Dentro del anecdotario de su vida, existe una simpática historia, que comenzó durante el transcurso de un trabajo de parto gemelar bajo condiciones obstétricas desfavorables. En aquella oportunidad, uno de los neonatos nació deprimido, y el encargado de reanimarlo fue el Dr. Samuel Brochner. Como muestra de agradecimiento, los padres de aquella bebé, la llamaron María Samuela, y para continuar esta historia, con el correr de los años, la niña asistida en el momento del nacimiento por Samuel, sería paciente de su hijo Gabriel. Por cuestiones de salud, su jubilación fue precoz; y fallece a los 73 años en su domicilio de la ciudad de San Nicolás el 5 de marzo del año 1999 producto de un tercer infarto de miocardio.

Como para finalizar este apartado, en el cual describimos la biografía del Dr. Brochner, es necesario destacar que tanto él, con otros tantos anestesiólogos de su época, no fueron contemporáneos al nacimiento y al desarrollo de nuestra institución; pero sin ningún lugar a dudas fueron pioneros de nuestra especialidad, y constituyeron los cimientos de lo que con el correr del tiempo se transformaría en la Asociación de Anestesia Analgesia y Reanimación del Norte de la Provincia de Buenos Aires (AANPBA). Por todo lo expuesto, es nuestra intención otorgarles un merecido espacio a todos estos colegas que nos precedieron, y es en las páginas de esta revista en donde hemos iniciado este proceso de reconocimiento profesional e histórico.

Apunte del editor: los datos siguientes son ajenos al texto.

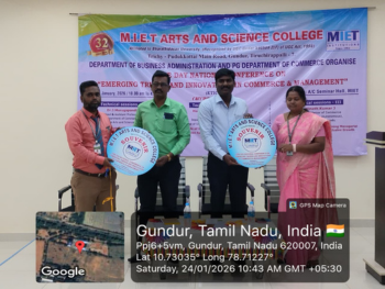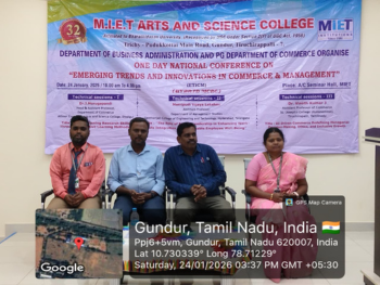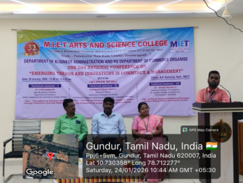 M.I.E.T Arts and Science College, Trichy -7. The Department of Business Administration and PG Department of Commerce conducted One Day National Conference on “Emerging Trends and Innovations in Commerce & Management (ETICM)” (Hybrid Mode) At 24 January 2026 (Saturday) In this session college principal Dr.Y.Glory Violet Aron have delivered presidential address and convenor J Syed Meeran (HOD department of commerce) delivered inauguration address of this conference and resource persons handled the following sessions... Technical Session Titles: Strengthening Research Skills Through Innovative Learning Methods The Role of Ethical Leadership in Enhancing Work–Life Integration for Sustainable Employee Well-Being AI-Driven Commerce: Redefining Managerial Decision-Making, Ethics, and Inclusive Growth Various college students and research scholars have participated And benefited From this conference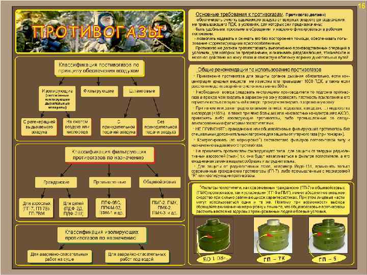 ФИЛЬТРУЮЩИЕ ПРОТИВОГАЗЫ Предназначены для индивидуальной защиты органов дыхания, глаз, лица человека от воздействия опасных химических веществ. Принцип действия противогазов основан на изоляции органов дыхания от окружающей среды и очистке вдыхаемого воздуха от аэрозолей и паров токсичных веществ в фильтрующе-поглощающей системе. Могут применяться при высоких концентрациях ОХВ в воздухе в виде пара (до 1% объёмных в зависимости от типа противогаза) и аэрозолей (превышающих ПДК до 10000 раз).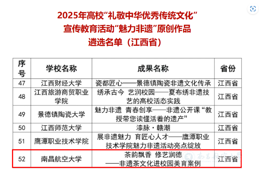 我校通识教育选修课程实践活动入选教育部2025年“魅力非遗”原创作品

Por último, quedaría por responder la última de las tres preguntas: ¿Quién fue el paciente que recibió anestesia con dicho ejemplar por última vez? Este, es quizás, el interrogante más difícil de dilucidar. Sólo podemos documentar, que más allá de la obsolescencia de dichos dispositivos, fueron utilizados durante muchas décadas, y existen datos que refieren el uso de la máscara de Ombredanne por parte de las religiosas que cumplían funciones de enfermería e instrumentación quirúrgica en el hospital San Felipe de la ciudad de San Nicolás hasta finales de la década del setenta. En lo concerniente a nuestro ejemplar, es probable que el paciente que recibió el vapor del éter proveniente de su esfera metálica por última vez, permanezca por siempre en el anonimato.